Data provided:
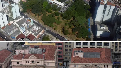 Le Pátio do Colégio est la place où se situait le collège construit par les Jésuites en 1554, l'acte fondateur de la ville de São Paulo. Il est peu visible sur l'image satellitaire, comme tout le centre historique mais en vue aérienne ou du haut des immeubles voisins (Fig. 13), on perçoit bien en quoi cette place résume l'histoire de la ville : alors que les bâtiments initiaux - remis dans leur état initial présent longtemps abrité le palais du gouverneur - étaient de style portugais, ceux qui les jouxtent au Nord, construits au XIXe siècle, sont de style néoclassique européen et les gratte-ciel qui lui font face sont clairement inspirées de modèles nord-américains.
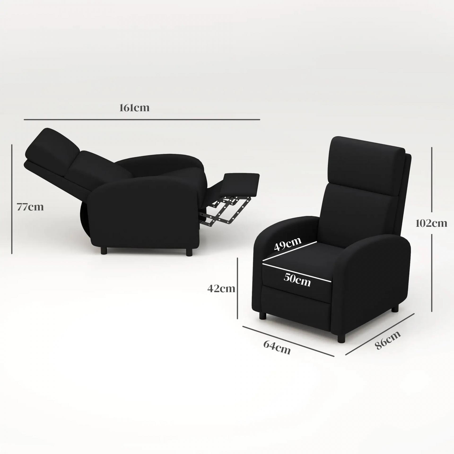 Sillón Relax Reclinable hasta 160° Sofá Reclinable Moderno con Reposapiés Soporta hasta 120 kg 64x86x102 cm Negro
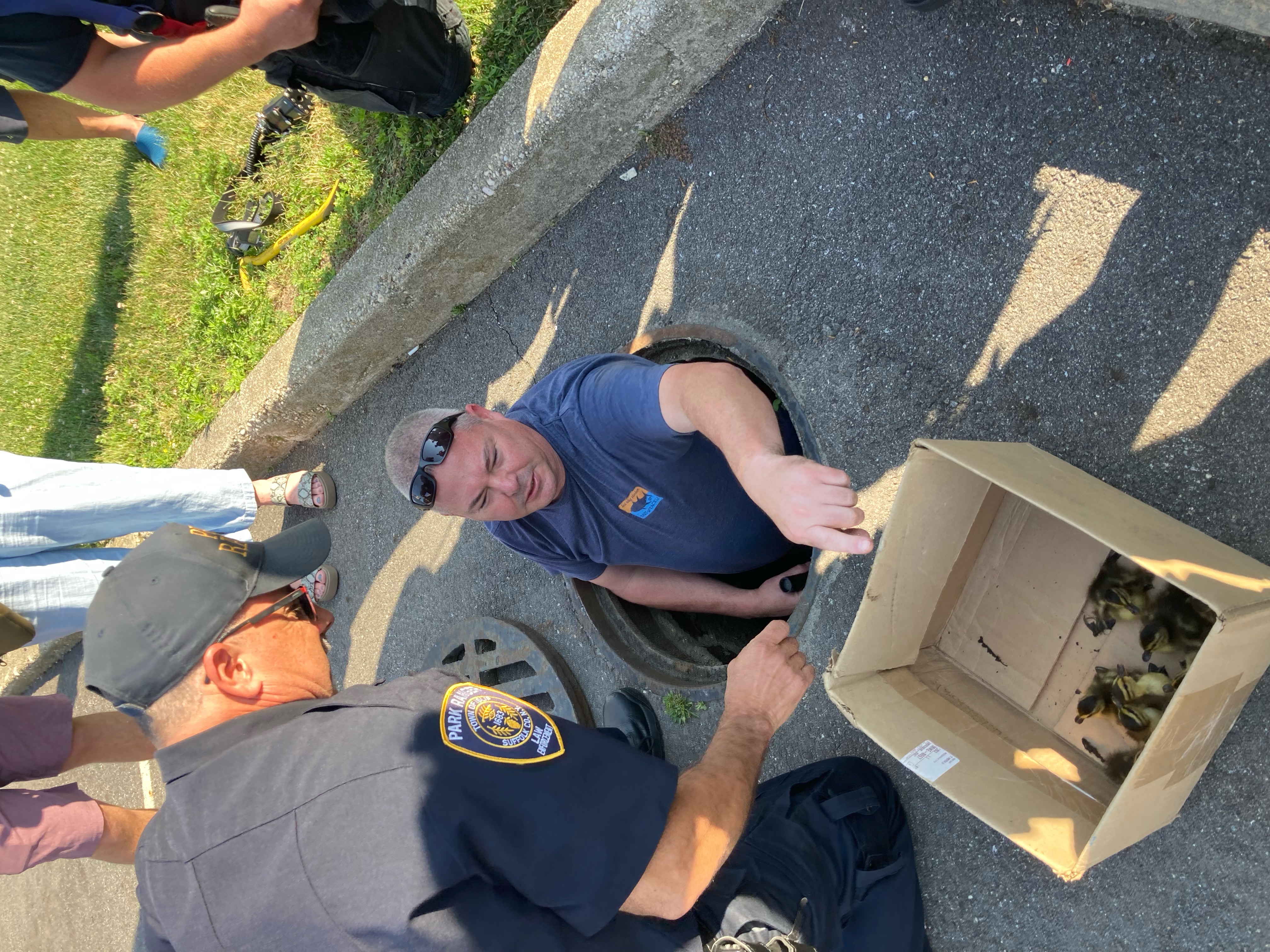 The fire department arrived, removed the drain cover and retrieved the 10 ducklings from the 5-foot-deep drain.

Problem description: Nothing but an exact copy of the data, without its images, should make up your answer.

Result of this task:
 Le Pátio do Colégio est la place où se situait le collège construit par les Jésuites en 1554, l'acte fondateur de la ville de São Paulo. Il est peu visible sur l'image satellitaire, comme tout le centre historique mais en vue aérienne ou du haut des immeubles voisins (Fig. 13), on perçoit bien en quoi cette place résume l'histoire de la ville : alors que les bâtiments initiaux - remis dans leur état initial présent longtemps abrité le palais du gouverneur - étaient de style portugais, ceux qui les jouxtent au Nord, construits au XIXe siècle, sont de style néoclassique européen et les gratte-ciel qui lui font face sont clairement inspirées de modèles nord-américains.
 Sillón Relax Reclinable hasta 160° Sofá Reclinable Moderno con Reposapiés Soporta hasta 120 kg 64x86x102 cm Negro
 The fire department arrived, removed the drain cover and retrieved the 10 ducklings from the 5-foot-deep drain.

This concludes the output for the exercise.